Sans attendre le résultat de la consultation publique ouverte par l’EFSA, la Commission européenne a jugé nécessaire de lancer les démarches pour offrir un cadre juridique à ce procédé par le biais d’une révision de la législation sur les nouveaux aliments. D’une part, les Américains veulent pouvoir exporter leurs produits. Ils font planer la menace d’un nouveau bras de fer, identique à celui sur les OGM. D’autre part, explique en substance un expert européen, l’Europe entend, elle aussi, afficher sa bonne volonté auprès des industriels. Sa décision leur montre que leurs efforts de recherche et de développement seront récompensés par de réelles perspectives commerciales au sein l’UE.

« Informer les citoyens »

Pour les organisations professionnelles agricoles de l’UE (Copa et Cogeca), il n’y a pas lieu de se presser. « Il est indispensable d’informer les citoyens de l’état de la situation et de ne pas attendre que les produits issus de cette nouvelle technique se retrouvent dans les rayons », insiste Pekka Pesonen, leur secrétaire général.
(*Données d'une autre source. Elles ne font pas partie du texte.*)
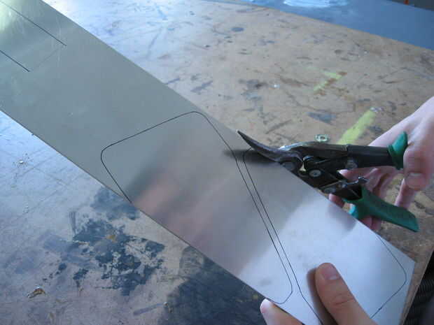 Para hacer un spoiler muy dulce para carrito G, necesitarás algunos aluminio de hoja, un taladro, un metal taladro tijeras para poco, metal / metal Sierra de cinta, remache pistola, remaches, marcador de lápiz y un borde/regla recta. En primer lugar, marcan su diseño en el metal con su lápiz o marcador. Luego, cortar su diseño/patrón con el hojalatero (o una sierra si su más grueso). Asegúrese de ver los bordes del material cortado, ya que puede ser extremadamente agudo (puede usar guantes). entonces usted necesitará perforar en los puntos de conexión para remaches. Básicamente, esto actuará como un tornillo que solo une las dos piezas de metal de hoja, y conservará un agradable acabado. Usar el arma de remache para colocar los remaches.
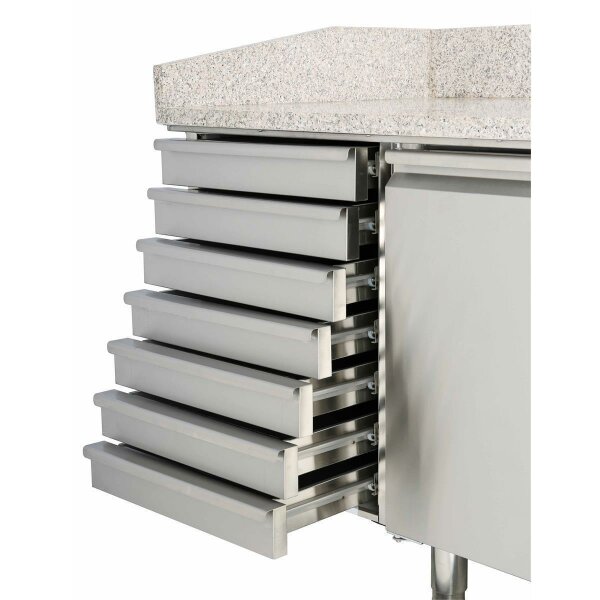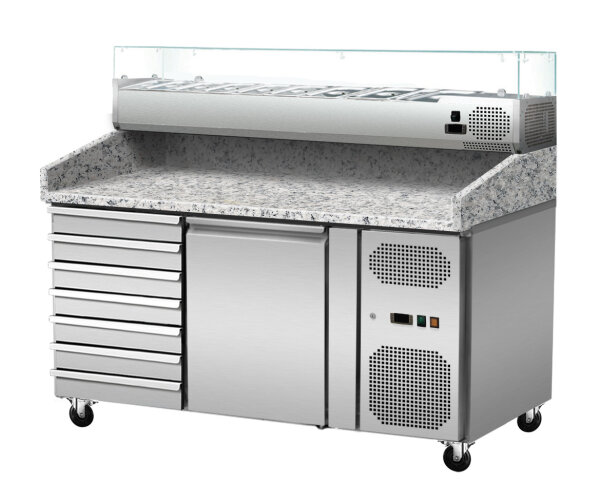 Pizzakühltisch Granit rosa/grau, 7 ungekühlte Schubladen 1 Tür, -2° bis +8° C, 1510x800x860, mit Kühlaufsatz 5x GN1/3 + 1x GN1/2 mit Glasaufsatz
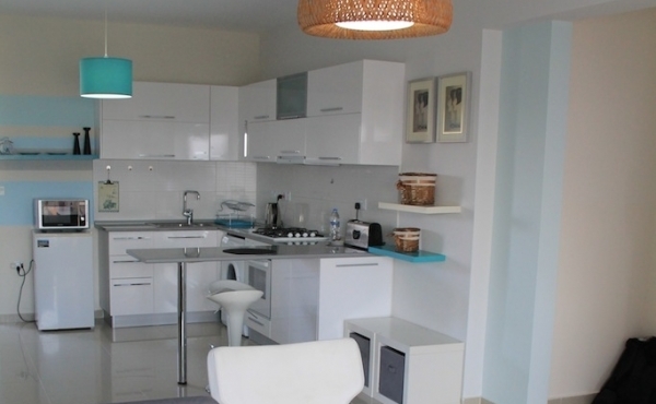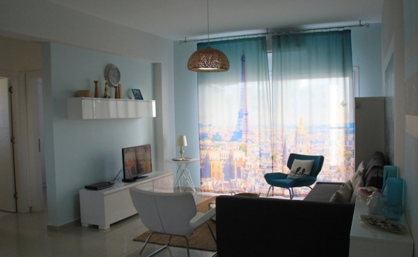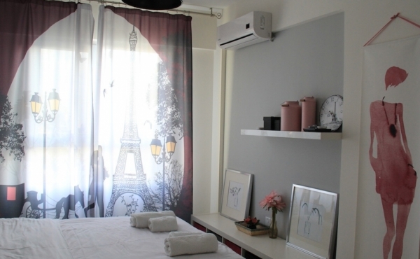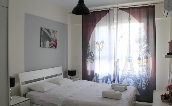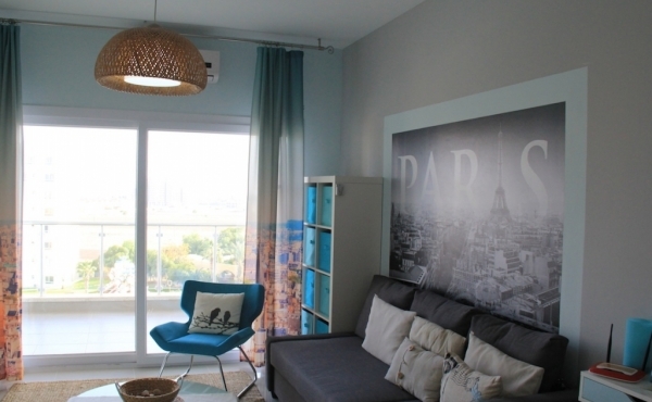 A stylish, Paris-themed 1 bedroom apartment on the 5th floor, with views overlooking the Mediterranean Sea on one side and stunning mountains on the other.

Les producteurs italiens sont parmi les plus hostiles, Sergio Marini, le président de la Coldiretti, l’un des principaux syndicats agricoles du pays ayant même annoncé que son organisation est prête à « une forte mobilisation pour empêcher que n’arrive dans les assiettes une réalité aussi hallucinante ». Quant au ministre français de l’Agriculture, Michel Barnier, il est « non seulement très prudent mais très, très réservé ». « Je ne suis pas partisan d’importer le modèle alimentaire américain », a-t-il indiqué, le 16 janvier, ajoutant, qu’en « Europe, nous avons notre propre modèle qui est fait de produits de qualité, de produits authentiques et de produits authentifiés ».

Bovins, porcs et chèvres clonés « sûrs », pour les Américains

Du côté américain, on estime que « la viande et les laitages provenant de bovins, de porcs et de chèvres clonés sont aussi sûrs que la nourriture que nous consommons tous les jours ». Toutefois, note la FDA, « il y a encore insuffisamment de données pour conclure que la viande et le lait d’ovins sont sûrs pour la consommation ». De plus, l’agence américaine a indiqué qu’elle ne demanderait pas d’étiquetage spécifique pour les produits d’animaux clonés. Les entreprises pourront le faire si elles le souhaitent. Pour le moment, les deux principales firmes américaines de clonage, Viagen et Trans Ova Genetics, ont produit environ 570 animaux clonés, essentiellement des bovins. Le sous-secrétaire à l’Agriculture, Bruce Knight a « encouragé » les entreprises à « maintenir leur moratoire volontaire durant une période de transition pour que le marché s’adapte ».